And so we see companies as they’re the data handmaidens of government and individuals too. So individuals — you’ve got an ex who’s angry at a lover, tells law enforcement “I think my ex had an abortion. Here are the texts she sent me. Here’s — I have spyware on her phone that says exactly what she’s doing.” And — opened a door to the surveillance of intimate life that — we can close it. So I’ve been working with folks on the American Data Protection and Privacy Protection Act and My Body My Health. There are various innovations happening on the hill. We’ll see what happens. But we need special protection for intimate information. And so it’s so essential to figure out who we are that I hope that we see developments on the hill come to something. I hope that was helpful Paul.

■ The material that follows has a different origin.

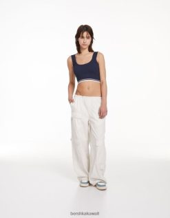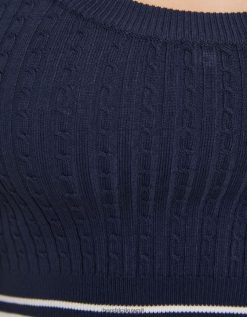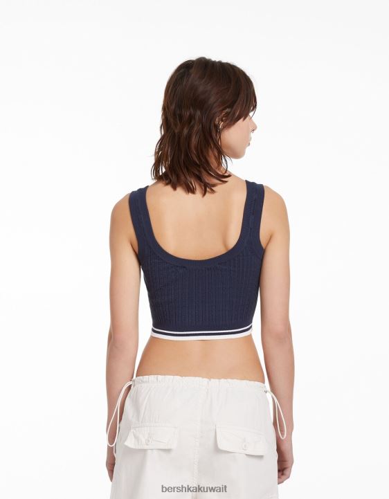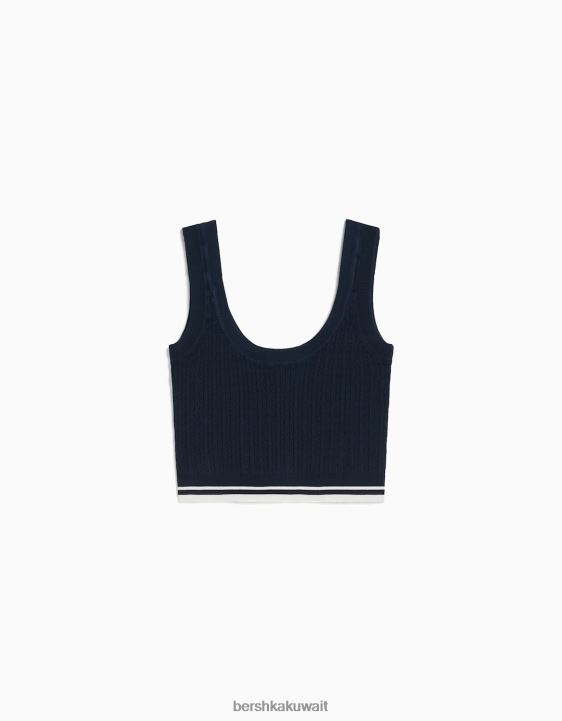 Bershka للجنسين قمة كابل متماسكة أزرق 804X3731 ملابس

Paul Rosenzweig: Okay. Well, it’s helpful. Give me a little more specifics. What are the — you’re obviously concerned about the growth of a prosecution potentiality. That’s kind of — I mean, that’s a political question that’s not really tied directly to the data issue. Let me ask it this way. Are your data concerns about abortion unique to abortion or do you see the same concerns about the whole panoply of intimacy privacy that you’ve defined, whether it’s transgenderism, marriage, sexual orientation, whatever?
Danielle Citron: Absolutely. Right. Because I wrote my book —
Paul Rosenzweig: Is there something unique about abortions, I guess?
Danielle Citron: Totally. And, you know, it’s interesting and you’re so right. That is, I can’t dictate what state legislators are going to do, and it’s in their judgment and assessment that it’s going to be criminal law. With a warrant, you would think this is perfectly appropriate. And so — and the Supreme Court said, “Look, there’s no constitutional right — at least in the United States Constitution — right to — there’s no right to privacy or right to bodily autonomy that they so recognize in the Fourteenth Amendment’s due process clause.” So — but my — so I wrote my book and have been working on intimate —
Jane Bambauer: Oh bummer.
Paul Rosenzweig: It was going to be an interesting point. I’m sure.
Danielle Citron: My concerns remain —
Paul Rosenzweig: Here we go.
Danielle Citron: Are we back?
Paul Rosenzweig: Yeah. Repeat the last two sentences.
Danielle Citron: Of course. I’m sorry. So I wrote my book before Dobbs came down and before the leak of the draft. And so my concerns — let me just give you a few examples because I think they always help us kind of wrap our heads around why I care about intimate privacy. So individuals will deprive each other of intimate privacy, and it’s often men depriving women and girls and children of their intimate privacy. And what I mean by that is there are 9,500 sites right now, many of them hosted in the United States, that hawk intimate images of people without their consent. So up-skirt photos, down-blouse photos, intimate images, so nude or sexually explicit photos. And it’s not always an ex. It could be a deep fake sex video when a woman’s face is morphed into porn.
And when that information often is accompanied by your full name and your home address, it’s not only devastating to you personally because you have such incredible fear. Who’s going to come approach you? It changes your sense of safety. You’re constantly on guard. But it changes your economic opportunities. Teachers have lost their jobs because Google searches of their names include non-consensual pornography. It’s true of parochial school students as well as high school principals, and it’s of nurses. It’s every type and stripe of person, unfortunately, can be tormented. And we just don’t have a comprehensive approach to intimate privacy, and we don’t have enough pro bono low-cost counsel. There are laws on the books, and they, unfortunately, stay on the books and not in practical reality.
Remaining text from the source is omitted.